Любовь Ковшова - Земную жизнь пройдя до половины
— Ты что, Огонек?! Бери! Еще как будешь кататься. Большевики и не то одолевают.
И если сейчас, тридцать с лишним лет спустя, я пишу эти строчки и вообще живу на белом свете, то, наверное, во многом благодаря тому августовскому теплому вечеру, отцу и велосипеду, на котором, кусая губы от боли, все-таки ездила, сперва потихоньку, потом быстрей, а там уже со звонком, с ветерком — летала.
Но совсем не всегда возвращение отца в подпитии оставалось в памяти такой мирной картиной. Обычно бывало как раз наоборот.
Отец и трезвый-то мог отдать последнее, а стоило выпить — любой встречный сразу становился «друг, товарищ и брат». Однако пресловутый друг или брат оказывался, как водится, просто любителем выпить на дармовщинку, а то и вовсе обобрать ближнего своего. Были и такие, что умудрялись в магазине занимать бутылку-другую под отцовскую зарплату: «Петр Иваныч получит, отдаст». Так что после получки отец возвращался «гол как сокол».

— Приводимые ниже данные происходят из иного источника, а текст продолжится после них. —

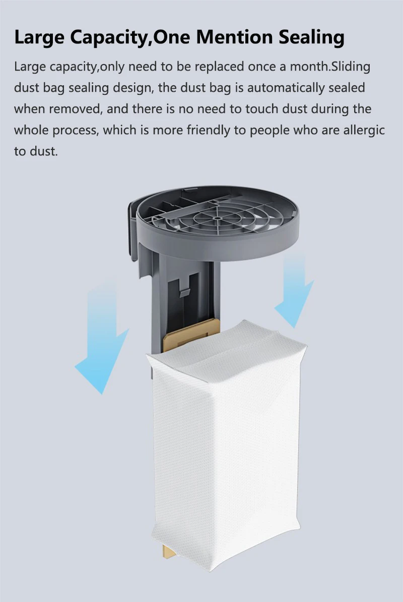 Большая емкость, нужно заменить только один раз в месяц. РаздвижныеПылезащитный мешок запечатывания, мешок пыли автоматически запечатанПри удалении, и нет необходимости касаться пыли во времяВесь процесс, который более дружелюбен к людям, у которых есть аллергияОт пыли.

И какой же скандалище закатывала ему мать! Я удирала из дома, чтоб не слышать. Я разрывалась между ними — между отцом и матерью. Но в основном, конечно, была на стороне отца, как и бывают дети на стороне обиженных и угнетенных, таким он мне в те минуты казался. А еще: мать разрушала праздник, который, я же чувствовала, жил в отце, но подспудно, а тут вырывался как сидр, как джинн из бутылки, щедро, искристо, весело. И мне до слез было жалко загубленный праздник. Отец погасал, махал рукой и шел спать.
Но детство уходило, и вместе с ним уходило, вернее, менялось мое отношение к отцу. А юность, как известно, — время бросать камни, все мы в юности судьи. И прочитав там, на стройке, автобиографию отца, я не придумала ничего лучше, чем осудить его, и осудила за все разом: за репрессии и культ личности в целом, за установку, по которой невинному человеку давали пять лет тюрьмы, за молчание, за слова «тяжело вспоминать». Последнее для меня звучало единственно — как желание забыть, то есть не бороться. Оно-то и возмущало больше всего. Тоже мне — красный командир! Меня учил, а сам… Пьянствовал, когда следовало драться за правду. Бесхребетный какой-то тип, и ничего другого.
Надо же, какой умной и правильной я была!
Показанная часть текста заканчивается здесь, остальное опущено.